▸ **Directions for this task**: Your answer should be every line below that includes the word "Design".

▸ **Extracted data**:
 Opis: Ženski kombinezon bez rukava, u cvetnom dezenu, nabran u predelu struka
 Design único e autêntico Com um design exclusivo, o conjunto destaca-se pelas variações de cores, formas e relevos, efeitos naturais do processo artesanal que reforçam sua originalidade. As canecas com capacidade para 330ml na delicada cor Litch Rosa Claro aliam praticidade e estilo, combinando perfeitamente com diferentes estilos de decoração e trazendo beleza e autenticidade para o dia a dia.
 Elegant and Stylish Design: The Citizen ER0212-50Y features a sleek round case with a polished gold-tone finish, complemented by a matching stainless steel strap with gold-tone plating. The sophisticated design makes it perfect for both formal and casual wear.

...

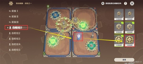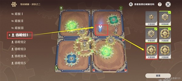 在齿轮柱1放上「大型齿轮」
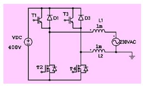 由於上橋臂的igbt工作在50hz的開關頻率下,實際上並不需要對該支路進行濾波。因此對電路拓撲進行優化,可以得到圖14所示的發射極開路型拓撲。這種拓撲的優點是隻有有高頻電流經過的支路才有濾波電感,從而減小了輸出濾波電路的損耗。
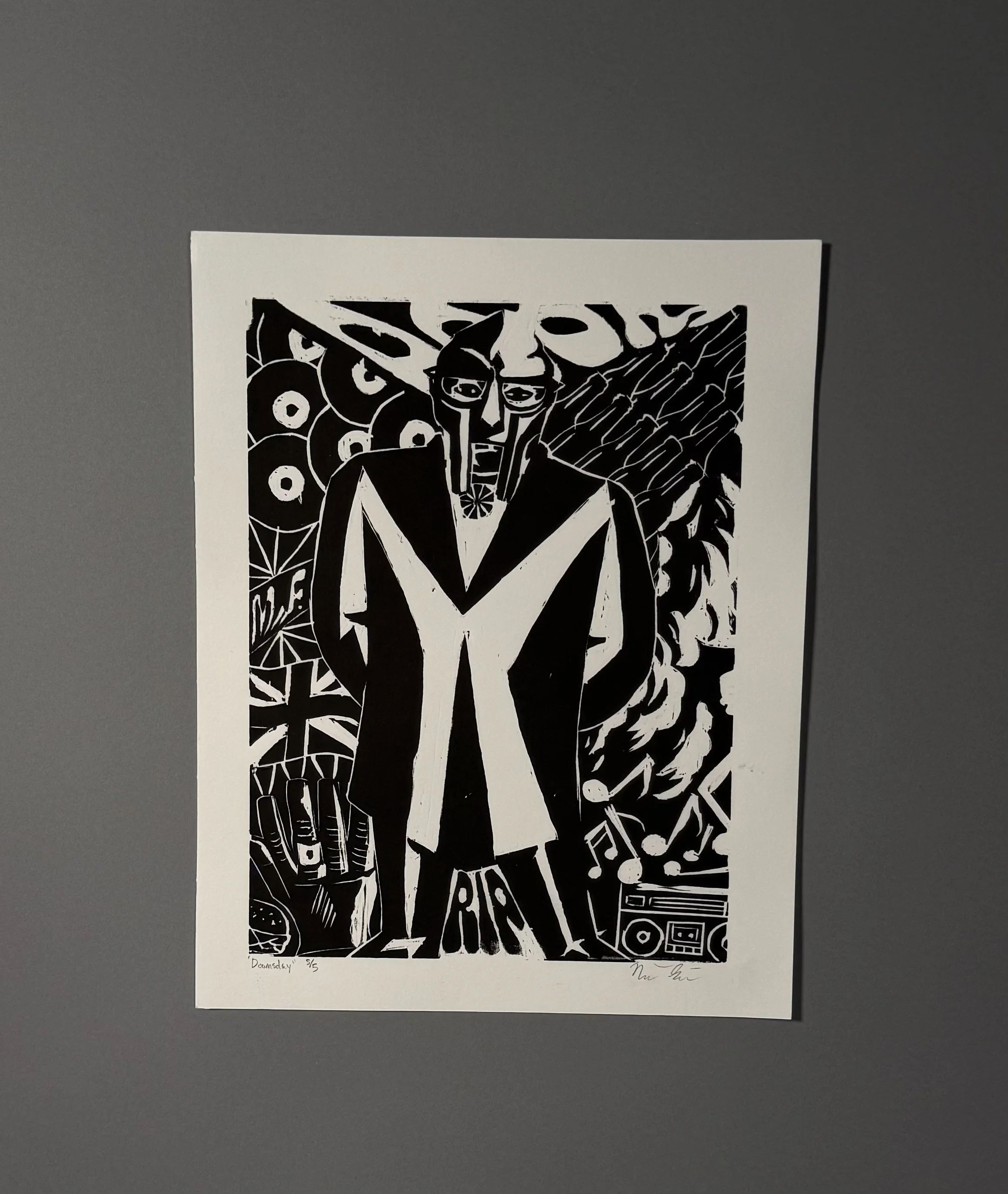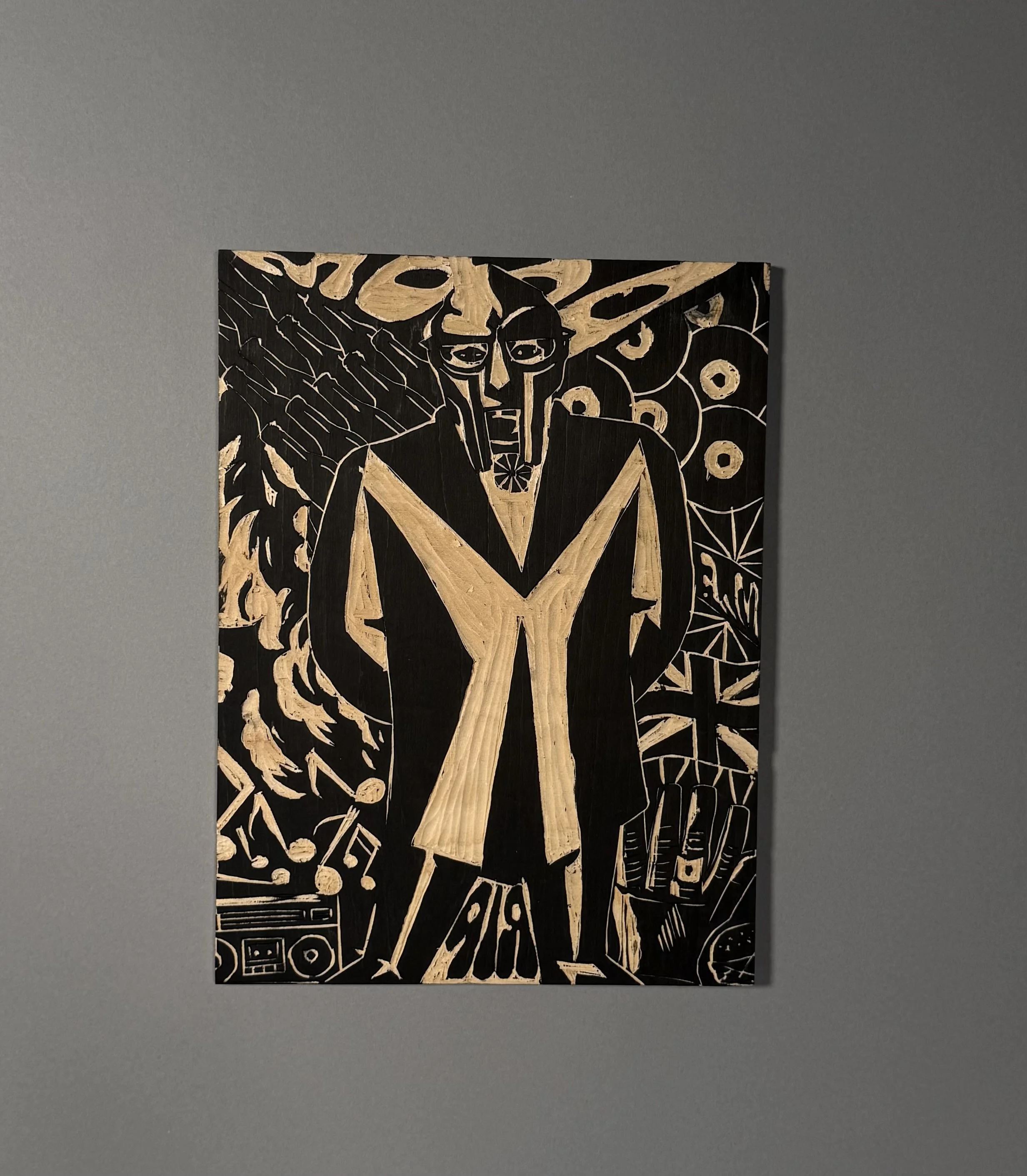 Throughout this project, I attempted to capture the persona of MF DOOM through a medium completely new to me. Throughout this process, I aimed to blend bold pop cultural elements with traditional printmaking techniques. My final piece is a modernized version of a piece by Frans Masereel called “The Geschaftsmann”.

==

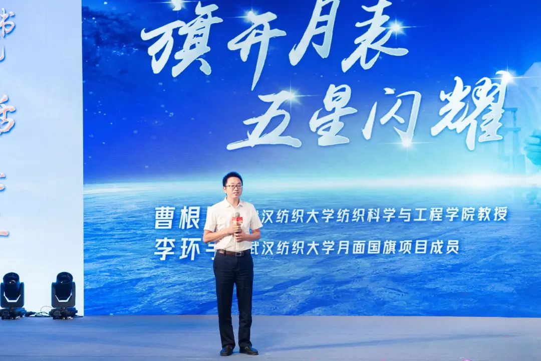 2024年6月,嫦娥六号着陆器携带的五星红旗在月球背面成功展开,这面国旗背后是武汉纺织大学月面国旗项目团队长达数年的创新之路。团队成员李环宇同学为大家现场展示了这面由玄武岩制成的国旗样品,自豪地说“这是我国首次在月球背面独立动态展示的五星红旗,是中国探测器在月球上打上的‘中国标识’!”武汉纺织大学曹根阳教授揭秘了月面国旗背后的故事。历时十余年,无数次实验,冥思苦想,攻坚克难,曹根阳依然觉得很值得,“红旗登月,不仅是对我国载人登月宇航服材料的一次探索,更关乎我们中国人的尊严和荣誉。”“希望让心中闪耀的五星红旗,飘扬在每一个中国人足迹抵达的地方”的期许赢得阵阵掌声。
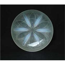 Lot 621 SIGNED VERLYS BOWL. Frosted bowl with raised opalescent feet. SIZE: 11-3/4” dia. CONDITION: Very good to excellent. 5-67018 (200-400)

▸ **Written solution**:
 Design único e autêntico Com um design exclusivo, o conjunto destaca-se pelas variações de cores, formas e relevos, efeitos naturais do processo artesanal que reforçam sua originalidade. As canecas com capacidade para 330ml na delicada cor Litch Rosa Claro aliam praticidade e estilo, combinando perfeitamente com diferentes estilos de decoração e trazendo beleza e autenticidade para o dia a dia.
 Elegant and Stylish Design: The Citizen ER0212-50Y features a sleek round case with a polished gold-tone finish, complemented by a matching stainless steel strap with gold-tone plating. The sophisticated design makes it perfect for both formal and casual wear.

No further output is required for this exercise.